Comment 19 Hans de Goede 2022-07-13 17:29:51 UTC
> I'd say if you don't hit this in the next few days with this change we should
> close it as "DOCUMENTED".  Mayyybe we should add something to the Kconfig
> text to warn about this?  Not sure what else can really be done from the
> kernel.

We could consider changing the amd pinctrl option into a bool instead of a tristate, forcing it to be builtin. In general ACPI tables may rely on the pinctrl through GPIO OpRegions in various ways. So making sure that these are available early usually is a good idea. I've also seen issues on some Intel models when the pinctrl driver is not builtin.

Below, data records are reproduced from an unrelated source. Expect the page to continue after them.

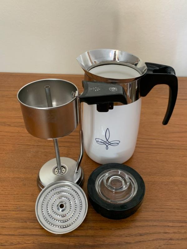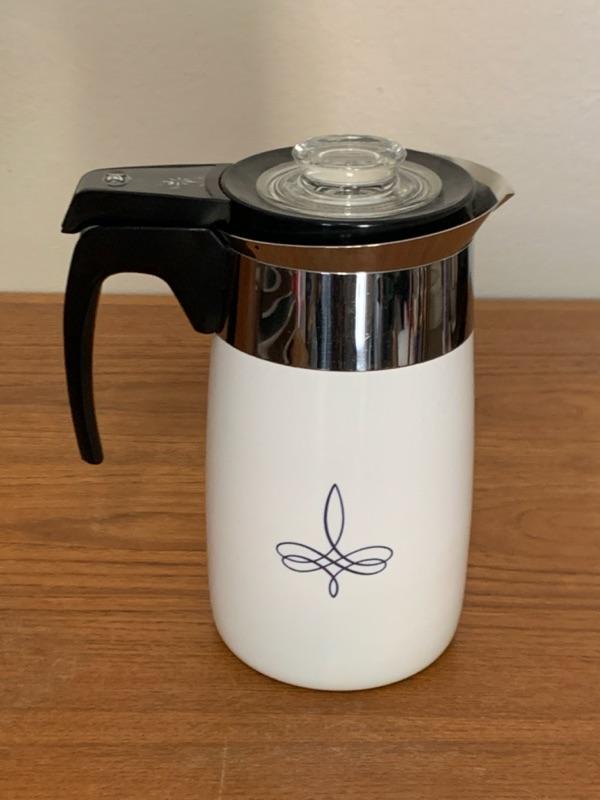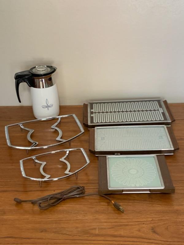 1 Corning Ware Electric Percolator Coffee Pot, no cord. Top plastic piece has cracks. Unsure if it works.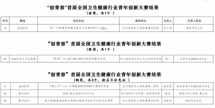 近日,由共青团中央青年发展部、国家卫生健康委文明办、中国青年创业就业基金会联合举办的第八届“创青春”中国青年创新创业大赛卫生健康行业专项赛暨首届全国卫生健康行业青年创新大赛落下帷幕。我校青年表现优异,获得国家级金奖1项,银奖1项,铜奖3项,优秀奖12项。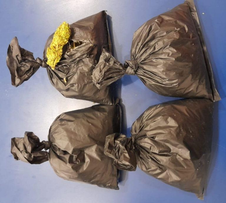 Las personas tripulaban una motocicleta al momento de ser sorprendidos por la Policía. Durante la inspección los sujetos tenían en su posesión cuatro bolsas que contenían la mencionada hierba verde, al parecer marihuana.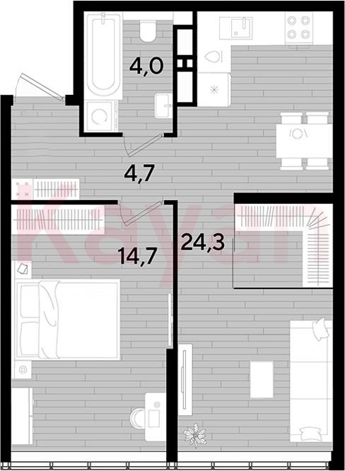 Продажа 1-комн. квартиры, 47.7 кв.м

Note I just checked and the Fedora kernels already have:

CONFIG_PINCTRL_AMD=y
Comment 20 Mario Limonciello (AMD) 2022-07-13 18:04:14 UTC
Great suggestion, thanks!
I've sent up https://lore.kernel.org/linux-gpio/20220713175950.964-1-mario.limonciello@amd.com/T/#u for just that.
Comment 21 madcatx 2022-07-14 11:31:04 UTC
Just FTR, I just reproduced another case where the problem most likely would have occurred - almost 33000 interrupts before the driver took action - but having pinctrl_amd loaded early seems to be an effective solution.

I guess that Lenovo people may want to look into this, 33000 intrs is sort of cutting it close to the kernel disabling the interrupt regardless of the driver being available.

Thanks a lot for all the guidance how to track this down!
Comment 22 Mario Limonciello (AMD) 2022-07-14 11:34:56 UTC
Were you still using the initramfs method when 33000 came through?
If so; please switch to built-in.  That should allow the driver to load as early as possible.

> Thanks a lot for all the guidance how to track this down!

Sure!
Comment 23 madcatx 2022-07-14 13:15:13 UTC
(In reply to Mario Limonciello (AMD) from comment #22)
> Were you still using the initramfs method when 33000 came through?
> If so; please switch to built-in.  That should allow the driver to load as
> early as possible.

Just tried that and the number of unserviced interrupts dropped down to less than 8000; that's the lowest value I've seen so far. pinctrl_amd gets loaded about 0.48 secs into boot, it loaded at about 0.67 sec when it was a module.

Anyway, it looks like we pinned the problem down pretty well. Thanks!
Comment 24 Mario Limonciello (AMD) 2022-07-14 13:48:20 UTC
OK thanks.  I'll close it, and we'll work on getting that patch landed to prevent users from compiling as a module.